Enron Subsidiary Appeals Compensation to Disabled Worker

The Illinois Appellate Court has agreed to hear arguments by Northern Petrochemical Co., a subsidiary of Enron Corp., challenging an award of weekly compensation benefits for life to a former employee who suffers from an occupational disease caused by his exposure to toxic chemicals in the workplace.

Douglas Fifer, formerly of Marseilles, Ill., was exposed to toxic chemicals in 1984 while employed by Northern Petrochemical in Morris, Ill. Based on medical evidence, the Illinois Industrial Commission found that Fifer's chemical exposure compromised his immune system, rendering him wholly and permanently disabled.

The commission awarded Fifer the sum of $390.67 per week for life for total disability under the Illinois Workers' Occupational Diseases Act. Fifer's weekly benefit is based upon two-thirds of his weekly wage at the time of his chemical exposure.

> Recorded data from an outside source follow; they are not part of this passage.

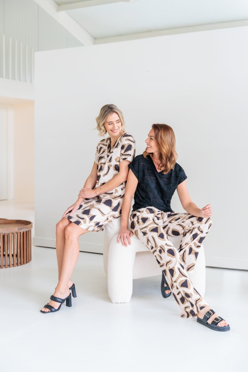 Broek van NED in de kleur mocha verkrijgbaar. Materiaal:98% Viscose (VI), 2% Elastane (EA, EL)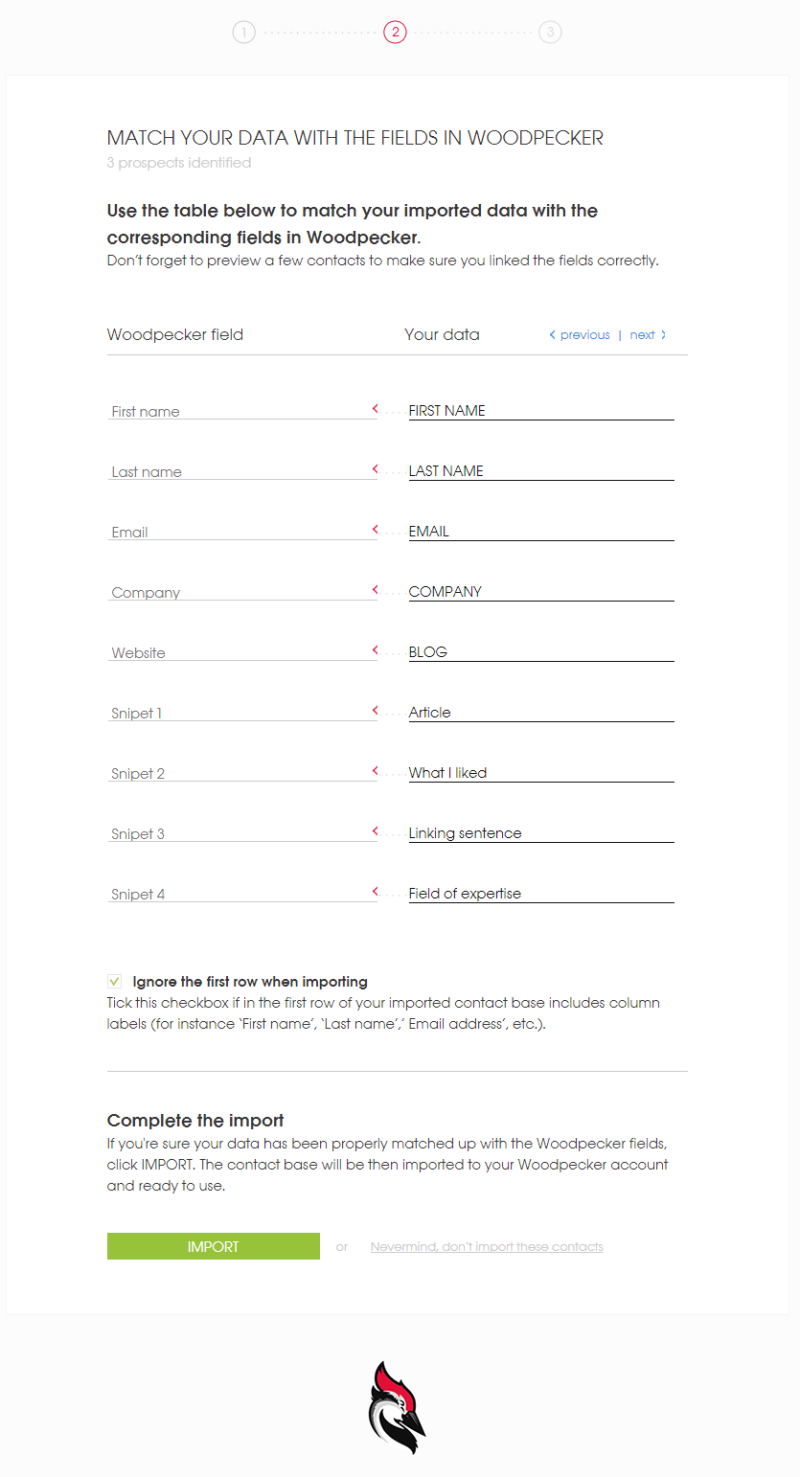 Given the file, Woodpecker will ask us which columns from our database should represent the corresponding custom fields in our message. Sounds a bit complicated, but in fact it’s easy. Just take a look below how I matched the fields.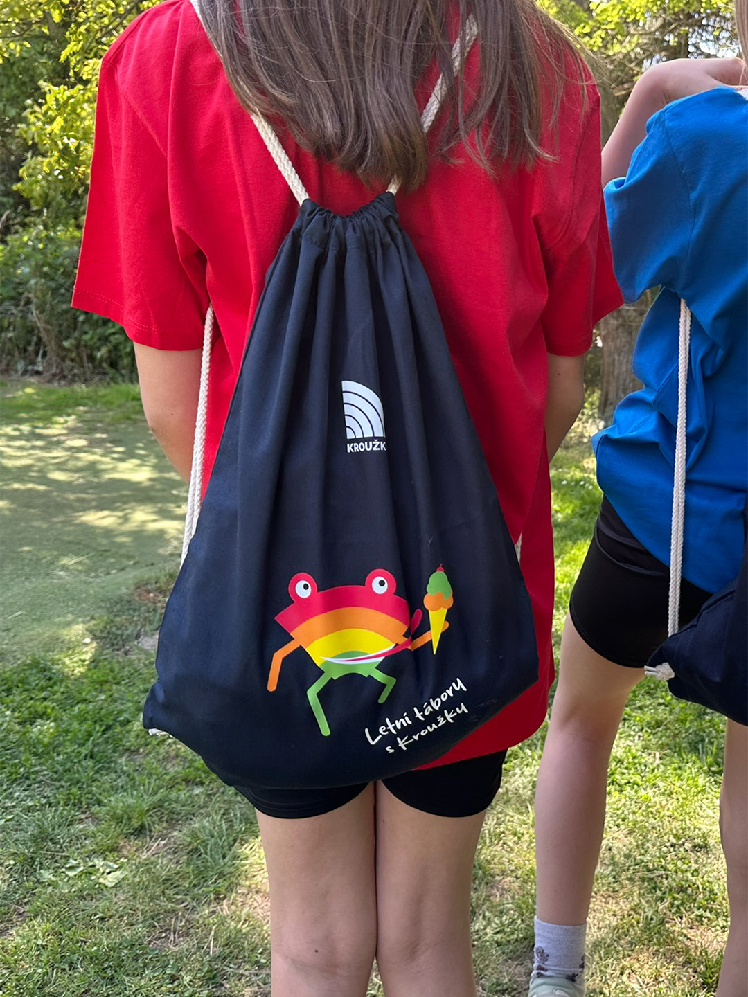 Černé krátké legíny pro holky s žábou a nápisem "Letní tábory s Kroužky"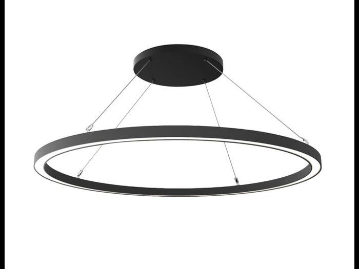 Lux-May PLANET/MOD CIRCLE OPENED LED luminaire, 63W, 7300lm, with opal diffuser for uniform lighting. Includes transparent suspension cable and ceiling base. DALI dimmable option available.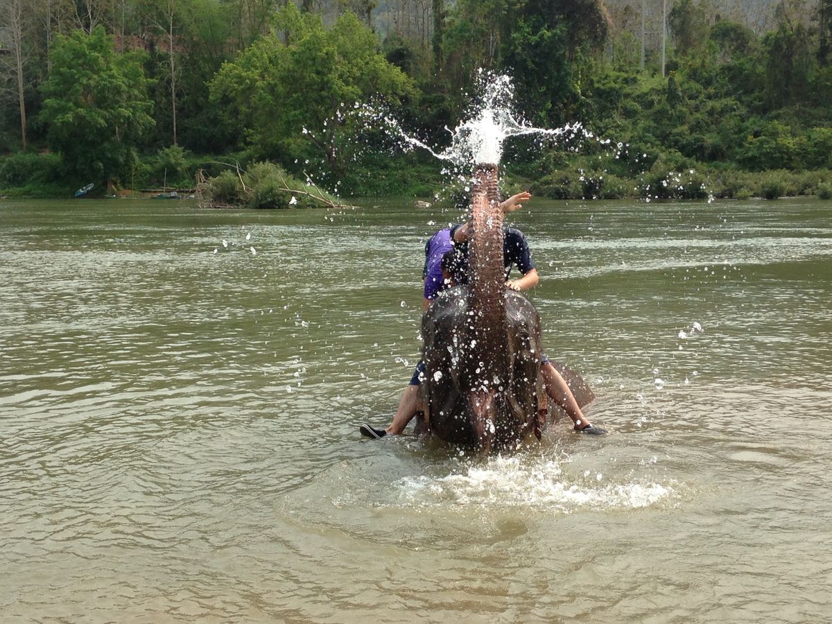 象に直接乗ってたくさん散歩をしました。メコン川で象と一緒に水も浴びました。象を自由に操るという感じではなく、象使いのトレーナーの方が指示を出してくれて、私たちはそのまま乗ってました。指示の仕方は教えてもらえるので、指示しようと思えば出来たと思いますが、まずラオ語なので私たちも覚えるのが大変です。進めと止まれくらいは覚えて私も指示していましたが、それが伝わっていたのかどうかはいまいち分かりません。象を自由に操るという感じではありませんでしたが、私は象とあれだけたくさん触れ合えてとても満足です。本当に可愛いかったです。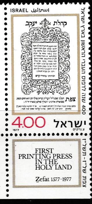 Израиль 1977 год. 400 лет еврейской типографии в Цфате. 1 марка с купоном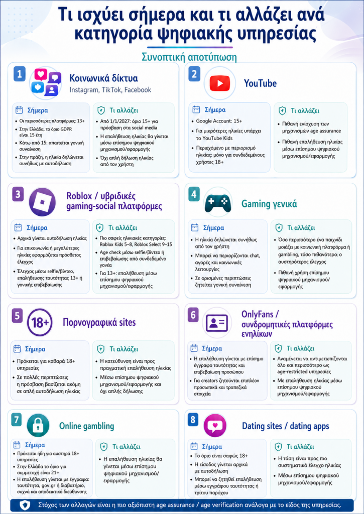 Οι εξελίξεις αυτές αποτυπώνονται με σαφήνεια στις διαφορετικές προσεγγίσεις που εφαρμόζονται ήδη ή διαμορφώνονται. Τα κοινωνικά δίκτυα βρίσκονται στο επίκεντρο αυξανόμενης πίεσης για την υιοθέτηση αυστηρότερων ηλικιακών ορίων και πιο αξιόπιστων μηχανισμών επαλήθευσης. Το YouTube, ως πλατφόρμα διαμοιρασμού βίντεο, αντιμετωπίζεται ως διακριτή κατηγορία με ειδικούς κανόνες προστασίας. Παράλληλα, πλατφόρμες όπως το Roblox αναπτύσσουν ήδη εσωτερικά συστήματα ηλικιακής διαβάθμισης, συνδέοντας την ηλικία με την πρόσβαση σε περιεχόμενο και λειτουργίες επικοινωνίας. Τέλος, οι υπηρεσίες που απευθύνονται αποκλειστικά σε ενήλικες, όπως το διαδικτυακό gambling, η πορνογραφία και οι εφαρμογές γνωριμιών, κινούνται ολοένα πιο ξεκάθαρα προς την κατεύθυνση της ουσιαστικής επιβεβαίωσης ηλικίας, είτε κατά την εγγραφή είτε πριν από την πρόσβαση σε ευαίσθητες λειτουργίες.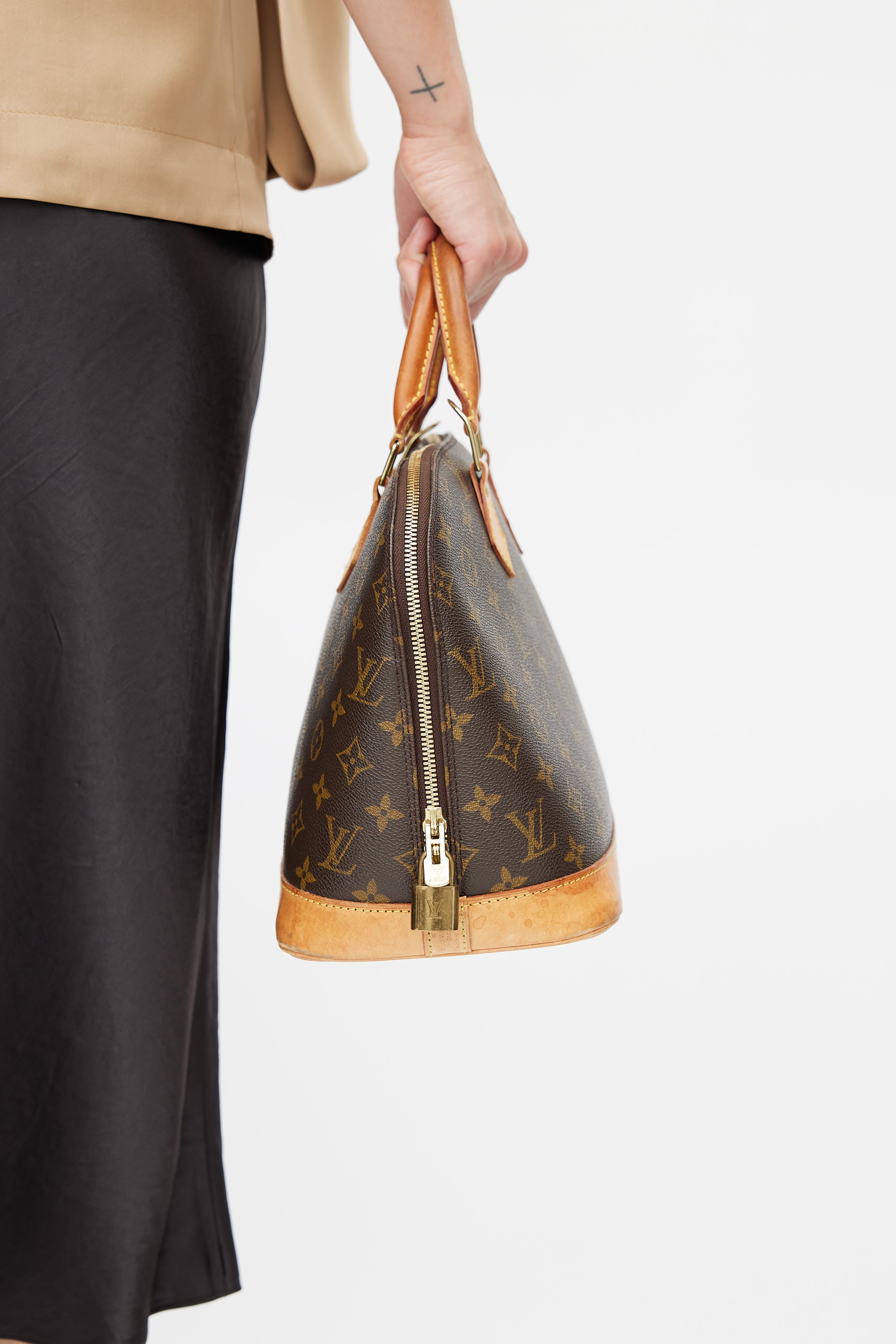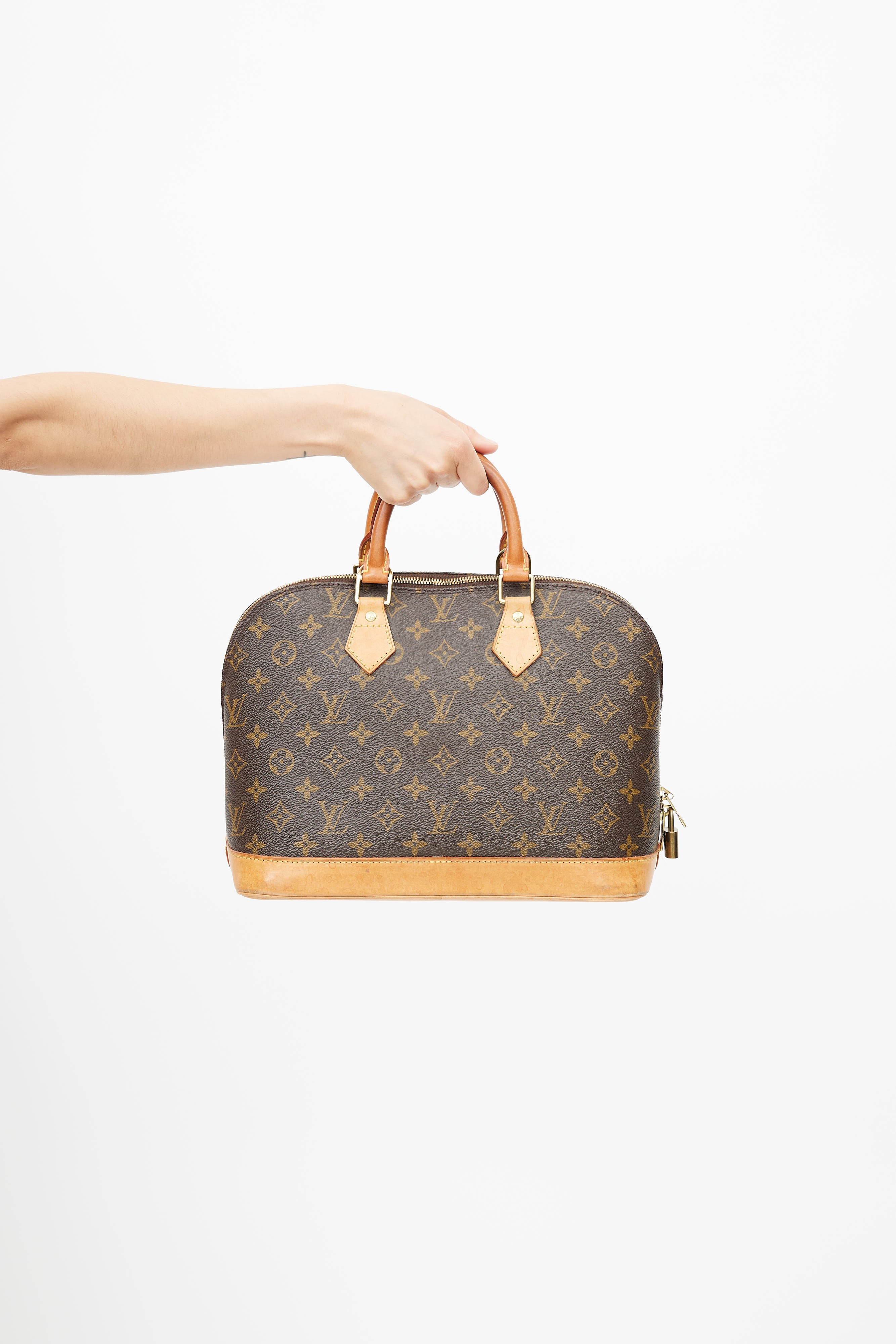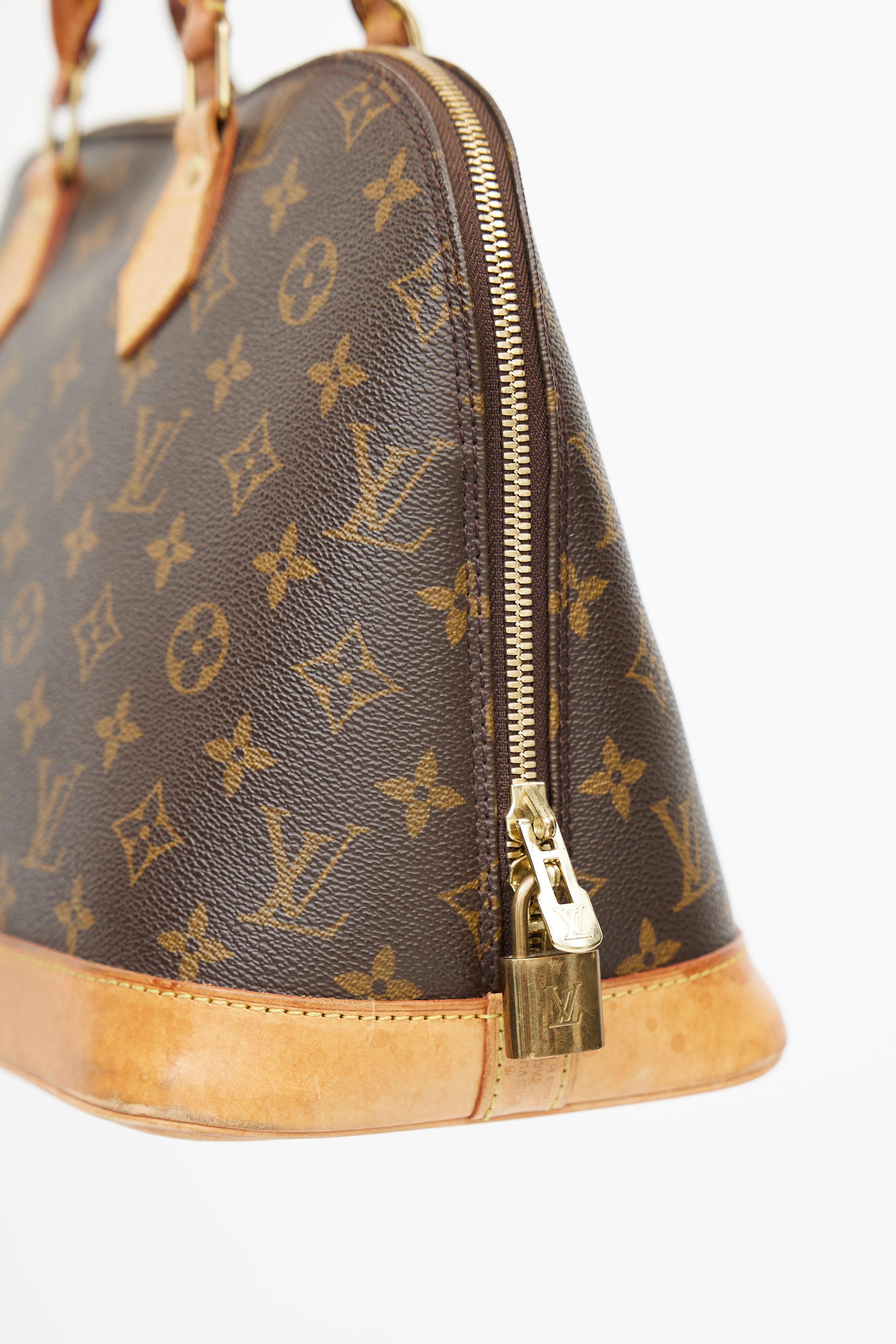 Pre-owned 2000 Louis Vuitton brown Alma PM bag featuring monogram coated canvas, two rolled top handles, one main compartment with one slip pocket, gold tone hardware, and top zip closure with padlock detail.

Northern Petrochemical appealed the compensation award to the Circuit Court of Will County, but Judge Herman Haase dismissed the appeal on July 31, 2002.

Northern Petrochemical filed a Notice of Appeal to the Illinois Appellate Court on August 30, 2002. The court received legal briefs from attorneys representing Northern Petrochemical and Fifer. Oral arguments are scheduled for Sept. 11 before the Appellate Court in Springfield.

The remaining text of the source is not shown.